The government claims that the total area cultivated with wheat is 3.4 million feddans. If this figure is correct, then the area cultivated with clover is no more than 2.5 million feddans. We all know that farmers are more eager to feed their animals than they are to feed themselves, because the milk, cheese, and butter they get from their animals support them at times when they have no other sources of income. When a calf is born, a farmer's family feels blessed.
As a result, the area farmers set aside for clover is never below three million feddans, and sometimes this area goes up to 3.5 million feddans. However, let's assume that out of a sudden sense of patriotism on the farmers' part, or a desire to put the government's interests before their own, this area was indeed only three million feddans this year. Please bear in mind that small farmers, not cattle farmers, provide nearly 90 per cent of our consumption of meat, so we don't want them to cut down on clover too much.
Regarding diesel oil, we have been seeing diesel oil shortages for about three months now, and farmers need diesel to run their water pumps. Because of the shortages, they have either to buy diesel at inflated prices on the black market, or use less water in irrigation. In either case, either the crops suffer or the farmers do.

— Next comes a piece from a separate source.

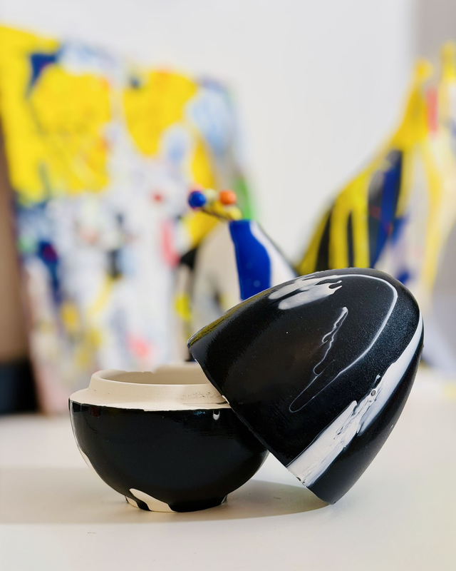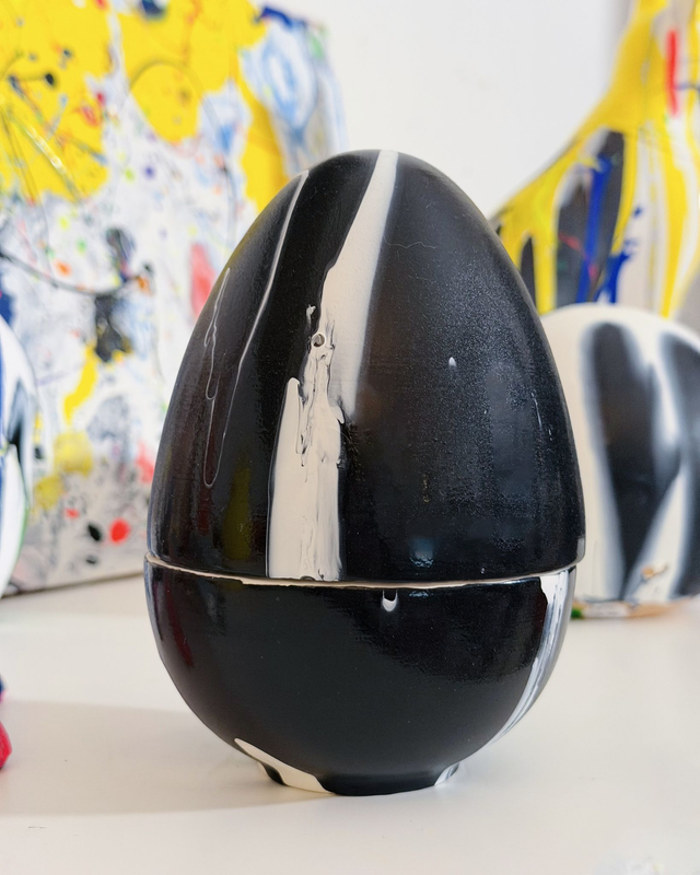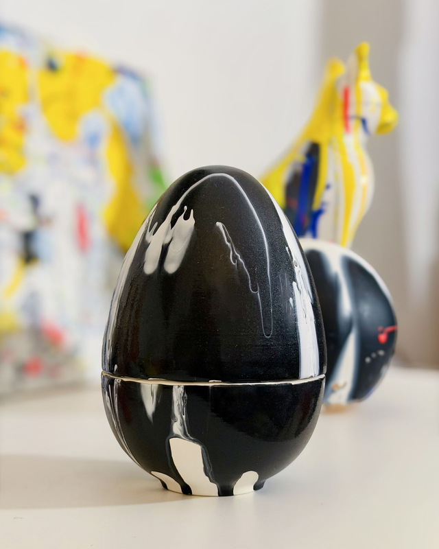 Uovo in terracotta dipinto a mano, pezzo unico. Altezza circa 15cm.

In the case of wheat, one suspects that not only is it receiving less fertiliser, but it is receiving less water too.
Wheat also competes with other crops for land, among them beets, which take up about 330,000 feddans, broad beans, which take up 150,000 feddans, barley, which takes up about 300,000 feddans, and lentils and chickpeas. The total area that these non-wheat crops cover is nearly 750,000 feddans, not forgetting the three million feddans of clover.

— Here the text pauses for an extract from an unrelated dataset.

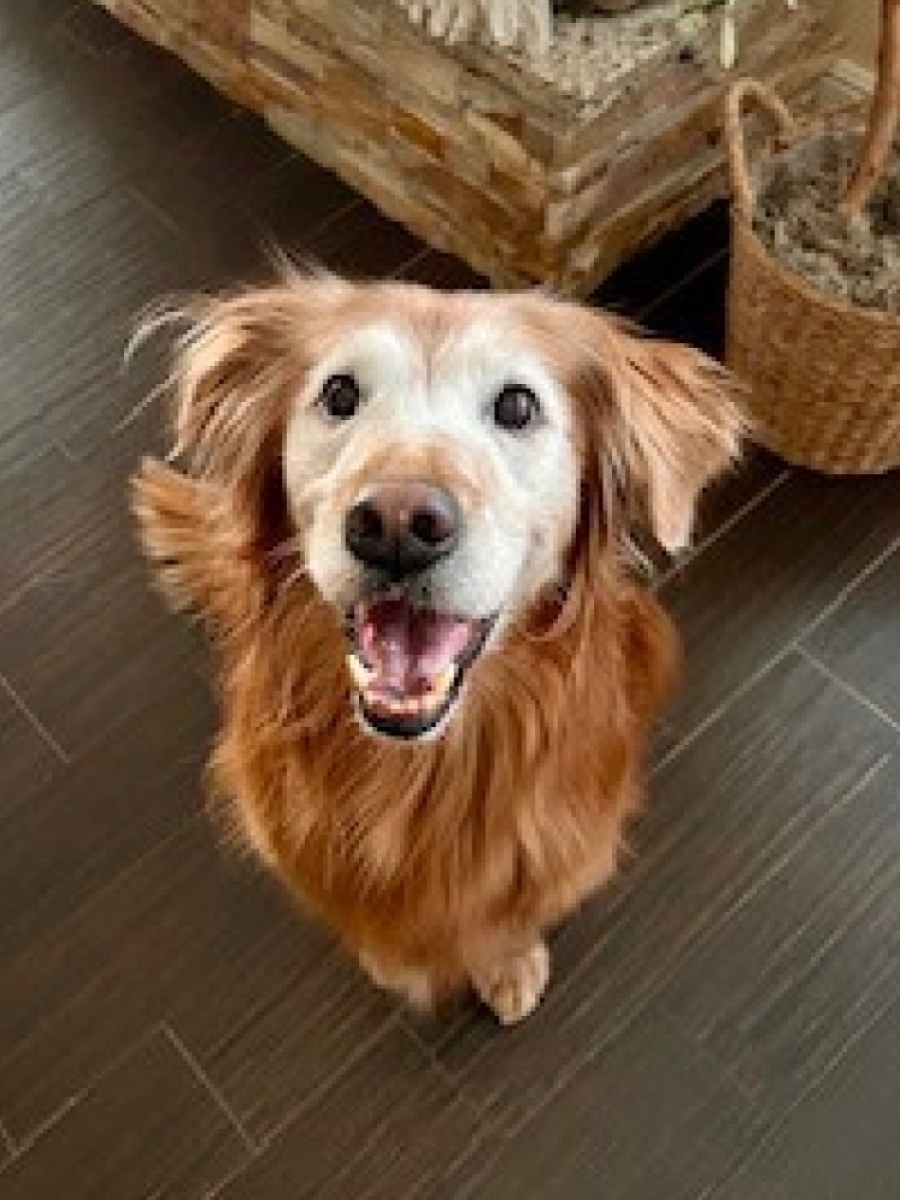 I’m 10 years young and full of love and life! Don’t let my age fool you! I’m an active, goofy guy who enjoys daily walks and playing with my doggy foster siblings. I’m 63 pounds of happy golden energy, so I’d do best in a home with medium to large dogs who can match my excitement when I play.

Because the country's total cultivable area is only 6.5 million feddans, the area left for wheat is something in the vicinity of 2.7 million feddans. And with each feddan producing on average 2.25 tonnes, the country's total wheat production cannot be more than six million tonnes this year, and it is likely to be considerably lower.
However, the ministry of agriculture nevertheless claims that the production of wheat, which only two years ago hovered at about 5.5 million tonnes per year, last year rose to 7.5 million tonnes and will rise again this year to 9.5 million tonnes. Not even Australian kangaroos can bounce that high, or that often.
The international figures also don't tally with the claims of our government. According to the US Grains Council, Egypt's imports of wheat averaged 11 million tonnes over the past three years. Since the country's consumption of wheat averages 15 million tonnes per year, this means that we only produce four million tonnes or so, almost one half of what the ministry claims we do.
The official figures keep speaking of self-sufficiency in bread, but leave out things such as pastries or macaroni, which compete for wheat. Can we be more realistic and stop cooking the books?
The writer is a professor at the Faculty of Agriculture, Cairo University.